**Dataset content:**
******
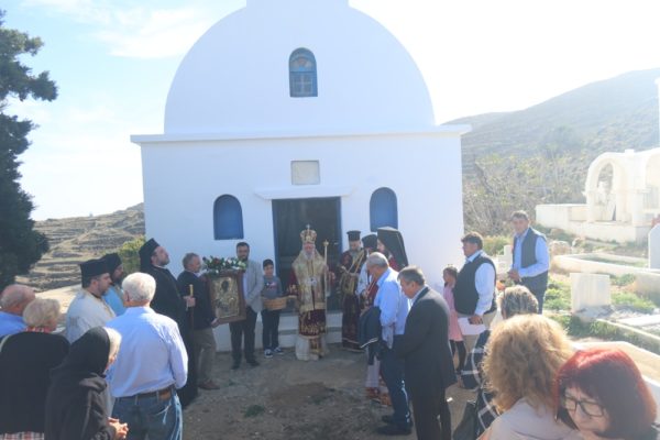 Στη συνέχεια οι εορτασμοί κορυφώθηκαν με τη λιτανεία της Αγίας Εικόνος του Ταξιάρχη Μιχαήλ προς το παρακείμενο Κοιμητήριο προεξάρχοντος του Μητροπολίτη Σύρου κ. Δωροθέου, ο οποίος τέλεσε Τρισάγιο για τους εκεί αναπαυομένους και αφού κάλεσε τους συλλιτανεύοντες να προσευχηθούν για την ανάπαυση της ψυχής τους, μεταξύ των οποίων και των αοιδίμων Ηγουμένων Αβερκίου και Μακαρίου, ευχήθηκε σε όλους να ζουν υπό την προστασία των Αγίων Αγγέλων.
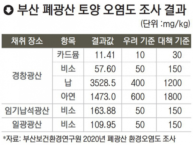부산시 등에 따르면 현재 부산 내 임기납석·일광광산, 사상구 경창광산에서 기준치 이상의 중금속이 검출되고 있다. 지난해 10~12월 부산보건환경연구원이 조사한 ‘2020년 폐광산 주변 환경오염도 조사결과’에 따르면 기장군 철마면 임기납석광산에서는 비소가 최대 163.88mg/kg 검출됐다.
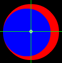 这就是彗星的头部,接着我们来加一个彗尾。因为考虑到光需要做环绕效果,所以这里的彗尾定义成四分之一圆弧。具体做法如下:在CometLight元件中新建图层CometTail。先画一个红色填充的圆,然后按Ctrl+D键复制该圆,并填充成蓝色。选择蓝色的圆,按快捷键Ctrl+T调出“变形”面板,设置圆的宽度为85%。现在将这个缩小后的蓝色圆移到红色圆上,如图14放置。在删除蓝色的圆后,就只剩下掏空的红色圆弧,继续删除不必要的部分,只留下左上角四分之一的圆弧,这就是我们需要的部分。给这段圆弧加上彗星头部同样的渐变色。
******
This task calls for the listing to be restated exactly, with images omitted.

 Στη συνέχεια οι εορτασμοί κορυφώθηκαν με τη λιτανεία της Αγίας Εικόνος του Ταξιάρχη Μιχαήλ προς το παρακείμενο Κοιμητήριο προεξάρχοντος του Μητροπολίτη Σύρου κ. Δωροθέου, ο οποίος τέλεσε Τρισάγιο για τους εκεί αναπαυομένους και αφού κάλεσε τους συλλιτανεύοντες να προσευχηθούν για την ανάπαυση της ψυχής τους, μεταξύ των οποίων και των αοιδίμων Ηγουμένων Αβερκίου και Μακαρίου, ευχήθηκε σε όλους να ζουν υπό την προστασία των Αγίων Αγγέλων.
부산시 등에 따르면 현재 부산 내 임기납석·일광광산, 사상구 경창광산에서 기준치 이상의 중금속이 검출되고 있다. 지난해 10~12월 부산보건환경연구원이 조사한 ‘2020년 폐광산 주변 환경오염도 조사결과’에 따르면 기장군 철마면 임기납석광산에서는 비소가 최대 163.88mg/kg 검출됐다.
 这就是彗星的头部,接着我们来加一个彗尾。因为考虑到光需要做环绕效果,所以这里的彗尾定义成四分之一圆弧。具体做法如下:在CometLight元件中新建图层CometTail。先画一个红色填充的圆,然后按Ctrl+D键复制该圆,并填充成蓝色。选择蓝色的圆,按快捷键Ctrl+T调出“变形”面板,设置圆的宽度为85%。现在将这个缩小后的蓝色圆移到红色圆上,如图14放置。在删除蓝色的圆后,就只剩下掏空的红色圆弧,继续删除不必要的部分,只留下左上角四分之一的圆弧,这就是我们需要的部分。给这段圆弧加上彗星头部同样的渐变色。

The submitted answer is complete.